The Chilliwack Bruins were a Junior "A" ice hockey team. The Bruins played was located in Chilliwack, in the British Columbia Junior Hockey League (BCJHL).

History
The Chilliwack Chiefs were first formed in 1970 as a member of the British Columbia Junior Hockey League (BCJHL). The club was founded as a farm team for the WHL's Estevan Bruins.

After a 1975-76 season which saw the Bruins finish last in the BCJHL, the team joined the three-year-old Pacific Junior A Hockey League (PJHL).
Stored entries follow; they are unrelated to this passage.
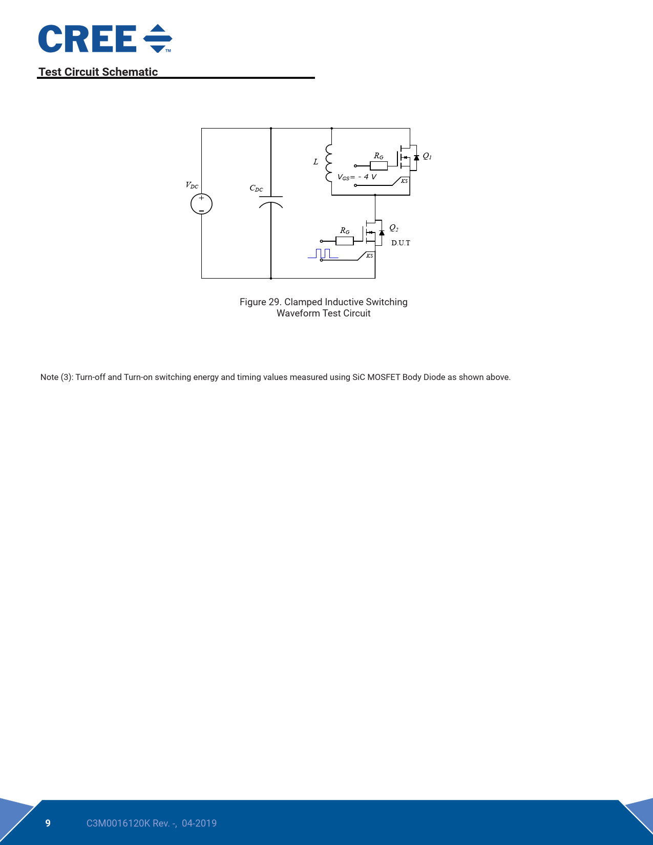 RG Q L 1 VGS= - 4 V V KS DC CDC Q2 RG D.U.T KS Figure 29. Clamped Inductive Switching Waveform Test Circuit Note (3): Turn-off and Turn-on switching energy and timing values measured using SiC MOSFET Body Diode as shown above.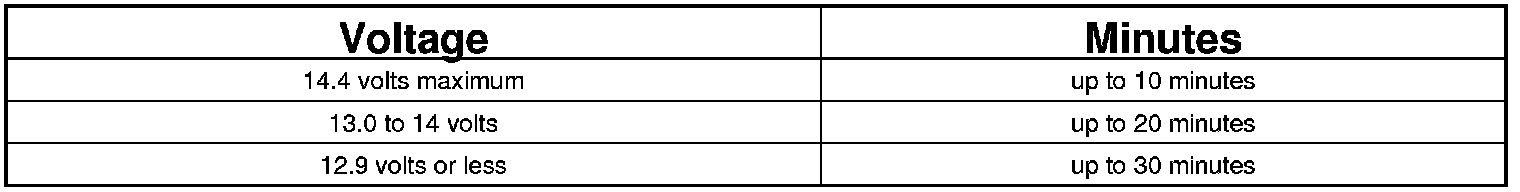 3. Battery chargers vary in the amount of voltage and current they provide. The amount of time required for a battery to accept measurable charging current at various voltages is shown in the Charge Rate Table. If the charging current is still not measurable at the end of the charging time, the battery is faulty and must be replaced. If the charging current is measurable during the charging time, the battery may be good and the charging should be completed in the normal manner.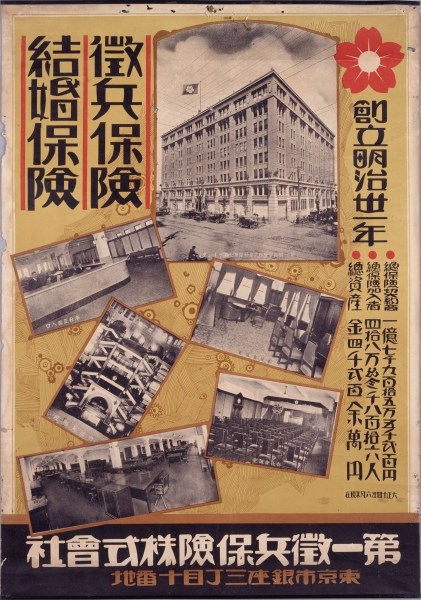 画像1 1925(大正14)年の「結婚保険」の宣伝ポスター(江戸東京博物館蔵)。子女の結婚に際して資金を受け取れる「結婚保険」が存在するほど、結婚はお金のかかるものでした。そこで「人口政策確立要綱」には、結婚費用の軽減と結婚資金貸付制度の創設が盛り込まれています。

However, after an uneven performance in what proved to be a very competitive PJHL in the 1976-77 season, followed by just a single win (in 48 games) during the PJHL's 1977-78 season, the team returned to the BCJHL for the 1978-79 season, changing its name to the Chilliwack Colts.

The Colts performed poorly their first season back in the BCJHL, and competition was even tougher when the PJHL merged with the BCJHL for the 1979-1980 season. The Colts did not make it to the end of their third season back in the BCJHL, folding three-quarters of the way through the 1980-81 season, with just one victory in 35 games.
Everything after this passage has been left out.